The issue of propaganda is among the most pressing dangers of the current political landscape on a world-wide magnitude. The great amount of accessible information, the diminishing means of checking its veracity in up-to-date fashion and the accelerating loss of attention span among the general public all sum up to a field ripe for misinformation, polarization, tribalization and opinion engineering. Traditional media are at disadvantage as the efforts historically involved in veracity checking do not pay off economically in the landscape that user-generated media is creating.
Using technological means for detecting misinformation and manipulation is therefore seen as an important field of research and one that aligns closely with the public interest and the advancement of informed democracy. Independent and fact-checked information is crucial to the success of any contemporary society. It is technological evolution that has rapidly contributed to the deterioration the information landscape and it is therefore a moral imperative for companies, communities and individuals involved with tech to help combat this perilous development.

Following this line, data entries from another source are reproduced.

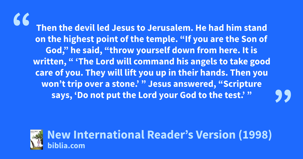 9Then the devil led Jesus to Jerusalem. He had him stand on the highest point of the temple. “If you are the Son of God,” he said, “throw yourself down from here. 10It is written,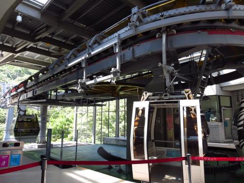 ロープウェイの建物の入り口の脇に、切符売場があるので、切符を購入する必要がある方はそちらで切符を購入します。悠遊カードを持っている方は悠遊カードの利用ができるので、切符の購入の必要はありません。私たちは悠遊カードを利用することにして、そのまま上に上がって行きました。乗り場は上の階、確か3階くらいだったと思いますが、階段を上っていきます。足に自信のない方にはエレベーターもあります。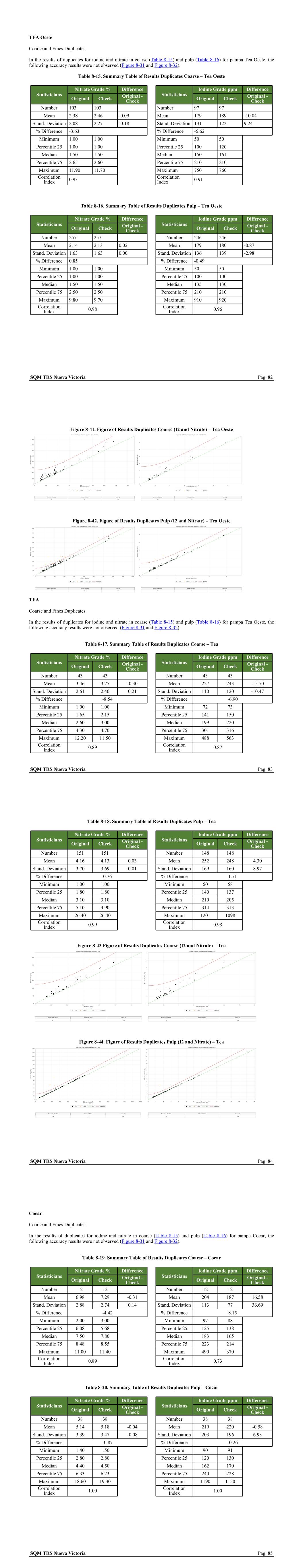 TEA Oeste Coarse and Fines Duplicates In the results of duplicates for iodine and nitrate in coarse (Table 8-15) and pulp (Table 8-16) for pampa Tea Oeste, the following accuracy results were not observed (Figure 8-31 and Figure 8-32). Table 8-15. Summary Table of Results Duplicates Coarse – Tea Oeste Statisticians Nitrate Grade % Difference Statisticians Iodine Grade ppm Difference Original Check Original - Check Original Check Original - Check Number 103 103 Number 97 97 Mean 2.38 2.46 -0.09 Mean 179 189 -10.04 Stand. Deviation 2.08 2.27 -0.18 Stand. Deviation 131 122 9.24 % Difference -3.63 % Difference -5.62 Minimum 1.00 1.00 Minimum 50 50 Percentile 25 1.00 1.00 Percentile 25 100 120 Median 1.50 1.50 Median 150 161 Percentile 75 2.65 2.60 Percentile 75 210 210 Maximum 11.90 11.70 Maximum 750 760 Correlation Index 0.93 Correlation Index 0.91 Table 8-16. Summary Table of Results Duplicates Pulp – Tea Oeste Statisticians Nitrate Grade % Difference Statisticians Iodine Grade ppm Difference Original Check Original - Check Original Check Original - Check Number 257 257 Number 246 246 Mean 2.14 2.13 0.02 Mean 179 180 -0.87 Stand. Deviation 1.63 1.63 0.00 Stand. Deviation 136 139 -2.98 % Difference 0.85 % Difference -0.49 Minimum 1.00 1.00 Minimum 50 50 Percentile 25 1.00 1.00 Percentile 25 100 100 Median 1.50 1.50 Median 135 130 Percentile 75 2.50 2.50 Percentile 75 210 210 Maximum 9.80 9.70 Maximum 910 920 Correlation Index 0.98 Correlation Index 0.96 SQM TRS Nueva Victoria Pag. 82 Figure 8-41. Figure of Results Duplicates Coarse (I2 and Nitrate) – Tea Oeste Figure 8-42. Figure of Results Duplicates Pulp (I2 and Nitrate) – Tea Oeste TEA Coarse and Fines Duplicates In the results of duplicates for iodine and nitrate in coarse (Table 8-15) and pulp (Table 8-16) for pampa Tea Oeste, the following accuracy results were not observed (Figure 8-31 and Figure 8-32). Table 8-17. Summary Table of Results Duplicates Coarse – Tea Statisticians Nitrate Grade % Difference Statisticians Iodine Grade ppm Difference Original Check Original - Check Original Check Original - Check Number 43 43 Number 43 43 Mean 3.46 3.75 -0.30 Mean 227 243 -15.70 Stand. Deviation 2.61 2.40 0.21 Stand. Deviation 110 120 -10.47 % Difference -8.54 % Difference -6.90 Minimum 1.00 1.00 Minimum 72 73 Percentile 25 1.65 2.15 Percentile 25 141 150 Median 2.60 3.00 Median 199 220 Percentile 75 4.30 4.70 Percentile 75 301 316 Maximum 12.20 11.50 Maximum 488 563 Correlation Index 0.89 Correlation Index 0.87 SQM TRS Nueva Victoria Pag. 83 Table 8-18. Summary Table of Results Duplicates Pulp – Tea Statisticians Nitrate Grade % Difference Statisticians Iodine Grade ppm Difference Original Check Original - Check Original Check Original - Check Number 151 151 Number 148 148 Mean 4.16 4.13 0.03 Mean 252 248 4.30 Stand. Deviation 3.70 3.69 0.01 Stand. Deviation 169 160 8.97 % Difference 0.76 % Difference 1.71 Minimum 1.00 1.00 Minimum 50 58 Percentile 25 1.80 1.80 Percentile 25 140 137 Median 3.10 3.10 Median 210 205 Percentile 75 5.10 4.90 Percentile 75 314 313 Maximum 26.40 26.40 Maximum 1201 1098 Correlation Index 0.99 Correlation Index 0.98 Figure 8-43 Figure of Results Duplicates Coarse (I2 and Nitrate) – Tea Figure 8-44. Figure of Results Duplicates Pulp (I2 and Nitrate) – Tea SQM TRS Nueva Victoria Pag. 84 Cocar Coarse and Fines Duplicates In the results of duplicates for iodine and nitrate in coarse (Table 8-15) and pulp (Table 8-16) for pampa Cocar, the following accuracy results were not observed (Figure 8-31 and Figure 8-32). Table 8-19. Summary Table of Results Duplicates Coarse – Cocar Statisticians Nitrate Grade % Difference Statisticians Iodine Grade ppm Difference Original Check Original - Check Original Check Original - Check Number 12 12 Number 12 12 Mean 6.98 7.29 -0.31 Mean 204 187 16.58 Stand. Deviation 2.88 2.74 0.14 Stand. Deviation 113 77 36.69 % Difference -4.42 % Difference 8.15 Minimum 2.00 3.00 Minimum 97 88 Percentile 25 6.08 5.68 Percentile 25 125 138 Median 7.50 7.80 Median 183 165 Percentile 75 8.48 8.55 Percentile 75 223 214 Maximum 11.00 11.40 Maximum 490 370 Correlation Index 0.89 Correlation Index 0.73 Table 8-20. Summary Table of Results Duplicates Pulp – Cocar Statisticians Nitrate Grade % Difference Statisticians Iodine Grade ppm Difference Original Check Original - Check Original Check Original - Check Number 38 38 Number 38 38 Mean 5.14 5.18 -0.04 Mean 219 220 -0.58 Stand. Deviation 3.39 3.47 -0.08 Stand. Deviation 203 196 6.93 % Difference -0.87 % Difference -0.26 Minimum 1.40 1.50 Minimum 90 91 Percentile 25 2.80 2.80 Percentile 25 120 130 Median 4.40 4.50 Median 162 170 Percentile 75 6.33 6.23 Percentile 75 240 228 Maximum 18.60 19.30 Maximum 1190 1150 Correlation Index 1.00 Correlation Index 1.00 SQM TRS Nueva Victoria Pag. 85

It is also important to narrow down particular issues with current media. While misinformation in general is problematic, conscious propaganda and the systematic incitement of particular opinions and emotions in a community deserves a focus on its own. This is because it has historically been an important tool for elites, populists and large-scale economic actors to distance public opinion from their own shortcomings and to distort a correct and informed perception of political reality and hence the democratic process in general.

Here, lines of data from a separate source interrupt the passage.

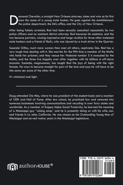 Desmond Chevalier, a straight New Orleans attorney, takes and wins as his first case the cause of a young male hooker. He goes against the establishment: the police department, the DA's office, and the City of New Orleans. After being falsely arrested, Rod had been sexually assaulted repeatedly by two police officers and an assistant district attorney. Rod becomes his assistant, and the two become partners, winning impressive and large verdicts for three other molested male hookers and a friend of Rod's, who was injured by a truck driver in the Quarter. Susande Gilfoy, much more woman than most all others, captivates Des. Rod has a very tough time dealing with it. She marries for the fifth time a member of the Mafia who holds her prisoner, and they rescue her. Husband number 5 is executed by the Mafia, and the three live happily ever after together with his billions in off-shore accounts. Susande, megawoman, has taught Rod the joys of being with the right female. He vows to become straight for part of the time and says he will have to be into same sex some of the other time. It's whimsical and light.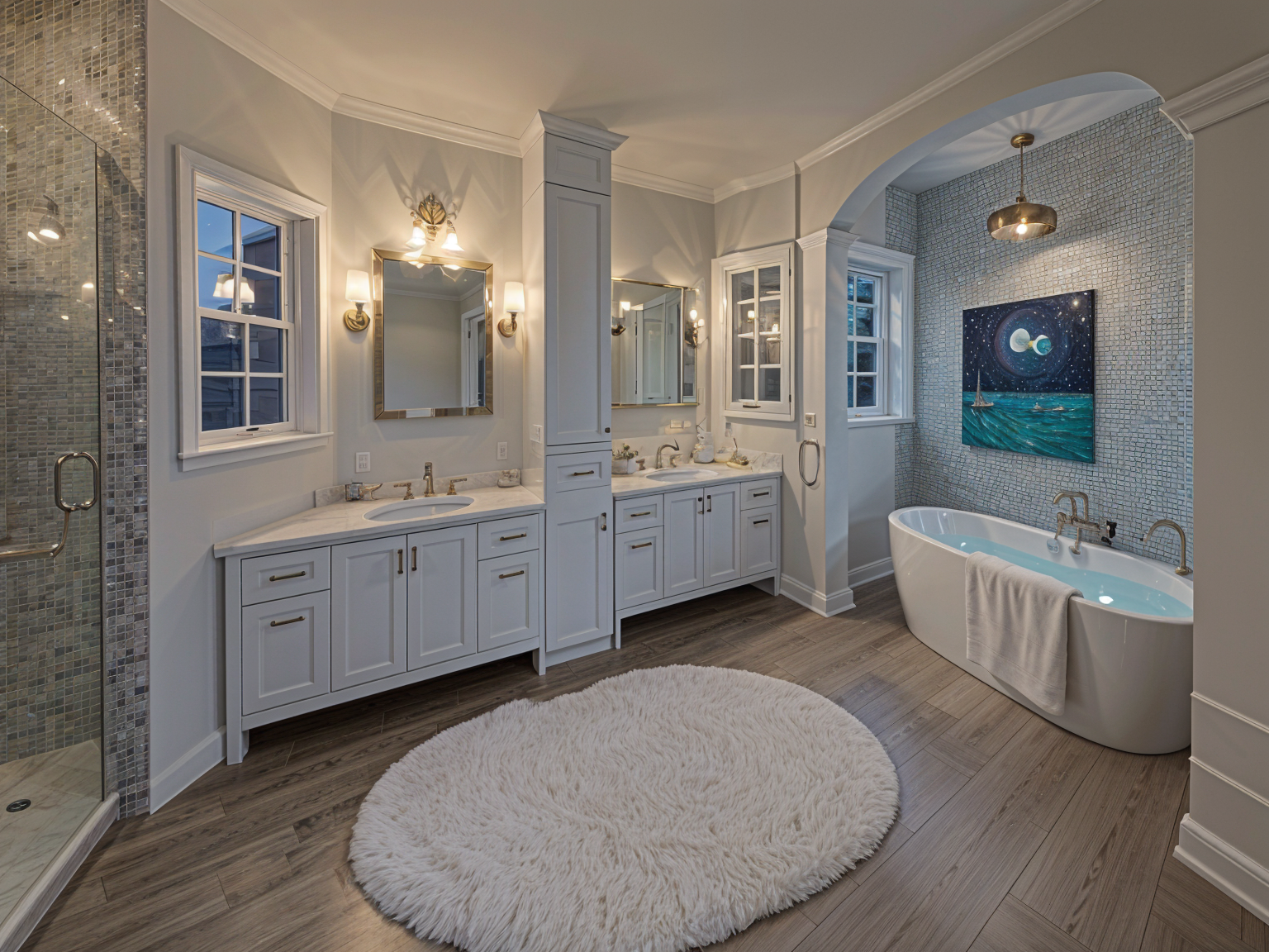 realistic image luxurious bathroom white paneled cabinetry matching mirrors and sconce lights at each vanity small glass pendant light over tub fill tub with water and drape a towel on the edge small glass mosaic tile on back wall behind tub to ceiling glass shower wall on left with small glass mosaic tile on walls fluffy white oval rug in middle of floor change shower mosaic tile to lighter white blue and glass use same tile behind tub on wall make rug fluffier soften the daylight outside add pendant fixture over tub add mirror to face of upper cabinet door make vanities more furniture like make tile less blue colored make outdoor lighting dusk remove bizarre painting over tub make shower mosaic tile lighter color match the sconces and upper lights over the mirrors
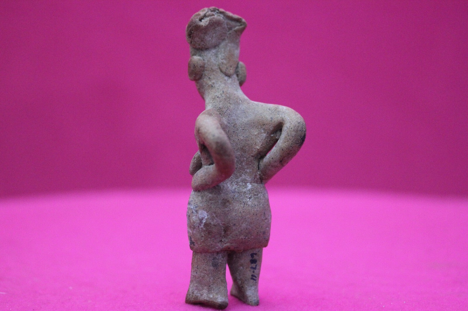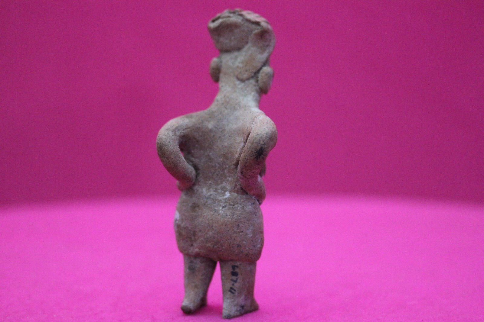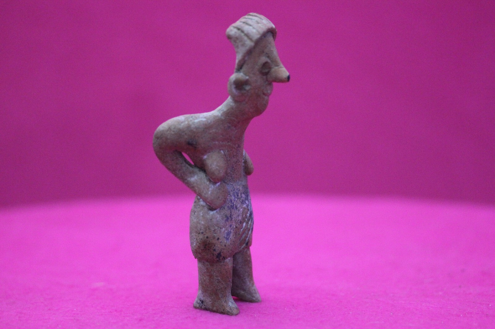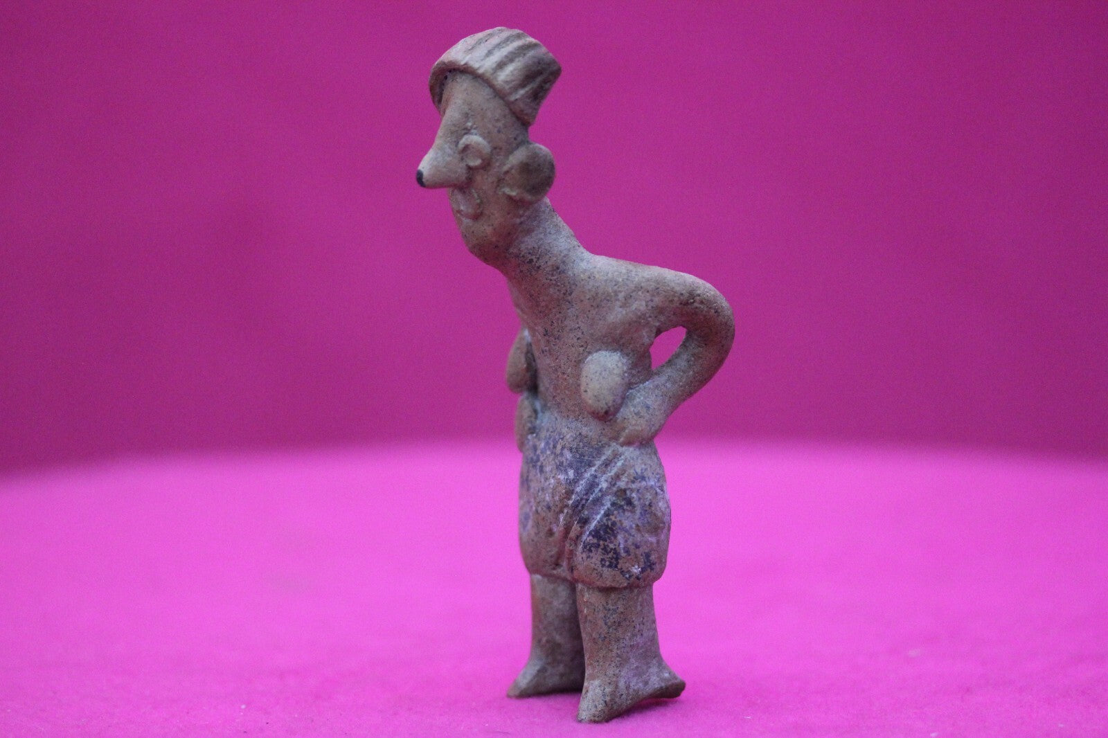 Dimensions: 4 ¼ inches tall, 1 ¾ inches wide, weighs 63 grams.Description: Rare elderly lady tomb figure wearing a skirt, incised headwrap, and large ear spools. Leaning forward as if suffering from back pain. Minor abrasions, age cracks, otherwise intact. Overall excellent condition.Provenance: Ex. Arte Primitivo Fine Art Gallery, February 2025. Ex. Private Nevada collection. Ex. Dr. David Harner collection, Arkansas, 1950’s -1960’s, acquired mid 1960’s to mid 1990’s.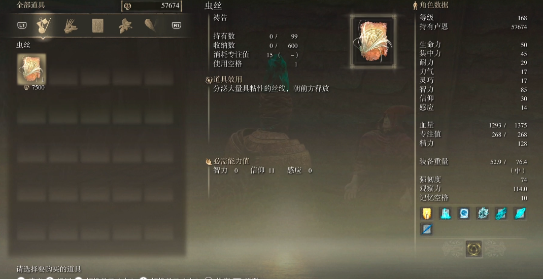 虫丝的实战技巧在于灵活运用它的控制效果。它的丝线能短暂阻碍敌人行动,为你争取喝药或调整站位的时间。面对多个敌人时,可以先手用虫丝限制它们的移动,再逐个击破。如果遇到高机动性的敌人,虫丝的蓄力释放可能不太实用,这时快速轻按祷告键打出一发普通虫丝会更安全。

The data used for this research is provided by the Qatar Computing Research Institute and consists of about 300 articles annotated either by article or at sentence level as propaganda or not. Additional information for the data creation process can be found in .
1. Business Domain Understanding
Propaganda is information that is not objective and is used primarily to influence an audience and pushing an agenda. Propaganda is the deliberate spreading of ideas, facts, or allegations with the aim of advancing one’s cause or of damaging an opposing cause. There are at least 18 types of propaganda. 
In this analysis, we do not take into account the more detailed annotations on propaganda types and instead focus only on the presence of any type of propaganda.
2. Data Understanding
The analyzed training data consists of 293 articles, annotated as propaganda or non-propaganda on sentence level. Of these, there are 12 articles that contain no propanda examples and 281 articles with some propaganda sentences in them.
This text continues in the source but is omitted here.